Les pôles nationaux cirque programment des spectacles mis en piste par 70% d'hommes contre 30% de femmes, regrette un récent rapport du Syndeac (Syndicat national des entreprises artistiques et culturelles). Pourtant le milieu, qui a fait sa mue dès les années 70, ne manque pas de pépites et poids-lourds féminins.

Dans "La Nuit du Cirque", organisée jusqu'à dimanche, 26 des 88 spectacles sont conçus et/ou mis en scène par des femmes, 12 sont portés par un duo homme/femme.

Parmi eux, "Les 4 femmes de Dieu" de la Compagnie Mona Lisa --une réflexion intime sur la femme par quatre circassiennes-- "#BalanceTonCorps", sur les stéréotypes de genre avec Sandrine Juglair, une tête d'affiche, ou encore "Dickpole" qui réunit pole dance et travestissement.

Y est programmée Jeanne Mordoj, qui avait fait sensation en 2007 avec son solo "Eloge du Poil", où elle interrogeait la féminité et jonglait avec de faux seins.

"Il y a eu un énorme changement: les jeunes générations sont beaucoup plus égales en termes d'énergie dans le travail, dans leur positionnement, qu'à mon époque où il y avait une vraie différence, et ça c'est magnifique à voir", dit-elle.

A l'Académie Fratellini, qui a succédé à l'Ecole Nationale du Cirque créée par la célèbre clown Annie Fratellini et Pierre Etaix en 1974, elle répète avec deux apprentis une création où ils construisent avec virtuosité des espaces à partir de boîtes à cigares. "La création n'a pas de sexe", souligne l'artiste à l'AFP.

- Une présence exponentielle? -

Le cirque contemporain est né avec la disparition progressive des numéros animaliers, la théâtralisation du spectacle, le mélange des genres, l'introduction de nouveaux agrès, la substitution du chapiteau par une salle souvent frontale.

"Il y a eu une autre révolution", explique Yveline Rapeau, seule femme à diriger deux Pôles Cirque (à Cherbourg et Elbeuf). "Les agrès étaient assez genrés, certains étaient réservés aux hommes, les filles étaient surtout trapézistes et voltigeuses. Puis elles ont donné un coup de pied dans la porte et ont dit +moi aussi je peux faire un spectacle avec les sangles, la trampoline, la roue Cyr ou le mât chinois".

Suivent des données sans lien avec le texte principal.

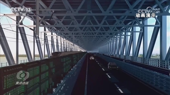 而說常泰長江大橋是個(gè)超級(jí)工程,不僅因?yàn)樗小翱缍茸畲蟆钡倪@個(gè)頭銜,更因?yàn)樗鼡碛卸喾N功能,在這座上下兩層的橋上,上層為六車道高速公路,下層為兩線鐵路和四車道普通公路,這也是長江上首座“三位一體”的跨江大橋。那么,多種功能的設(shè)計(jì)又是出于什么樣的考慮呢?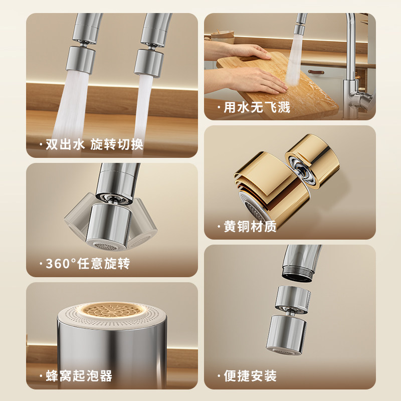 天厨房水龙头延伸器防溅水神器万向接头万向可旋转起泡器过滤出水嘴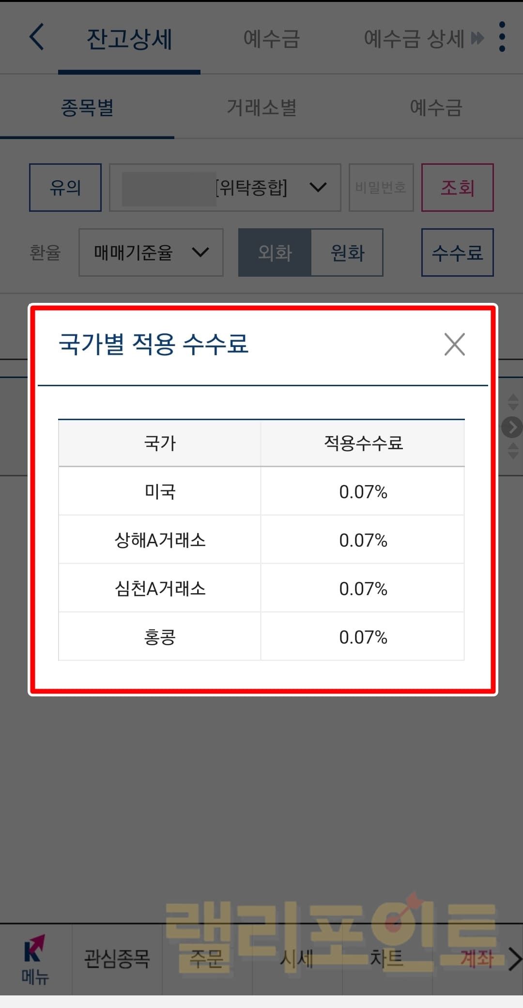저의 경우 키움증권 해외주식 수수료 이벤트 혜택을 적용받았기 때문에 미국, 상해A거래소, 심천A거래소, 홍콩 모두 0.07% 수수료를 적용받고 있음을 확인할 수 있었습니다.

"Dans la tradition, l'homme porte la fille, on ne voyait pas des femmes porter des femmes, on les voit maintenant. Ces cinq, dix ans, il y a une accélération", ajoute-t-elle.

Une accélération aussi au niveau de l'écriture des spectacles, même si elles restent moins programmées.

"On ne peut pas tout révolutionner en même temps; je pense que ça va être exponentiel", affirme Yveline Rapeau. "Il y a des programmateurs qui ne se posent pas la question. Moi je les programme, sans rien céder sur l'excellence ou la qualité".

Elle avait ainsi repéré en 2019 Inbal Ben Haïm, qui a créé "Pli", où elle est suspendue à des morceaux de papier qu'elle noue sur scène. L'artiste de 30 ans dit avoir été accompagnée "presque entièrement par des femmes" dans sa carrière.

Si certains comme le collectif Les Tenaces, créé en 2018 sous le slogan #féministonslecirque, demandent la parité dans les programmations, Valérie Fratellini, directrice adjointe et pédagogique de l'Académie et fille d'Annie, estime qu'il faut "donner du temps au temps".

"Mais à nous de leur dire +on va t'aider avec des cours d'écriture, des rencontres avec des metteurs en scène+", dit-elle.

Au sein de la Compagnie XY, actuellement à La Villette avec "Möbius", un spectacle de portés acrobatiques à couper le souffle entre femmes et hommes, Airelle Caen, acrobate, voltigeuse, et co-fondatrice, estime que le collectif a dépassé la question de genre et contourne les problèmes liés au gabarit des circassiennes.

"Tout n'est pas une question de force; il n'y a rien d'impossible. Mais j'espère que (le milieu) va se réinventer encore et se libérer" des derniers clichés.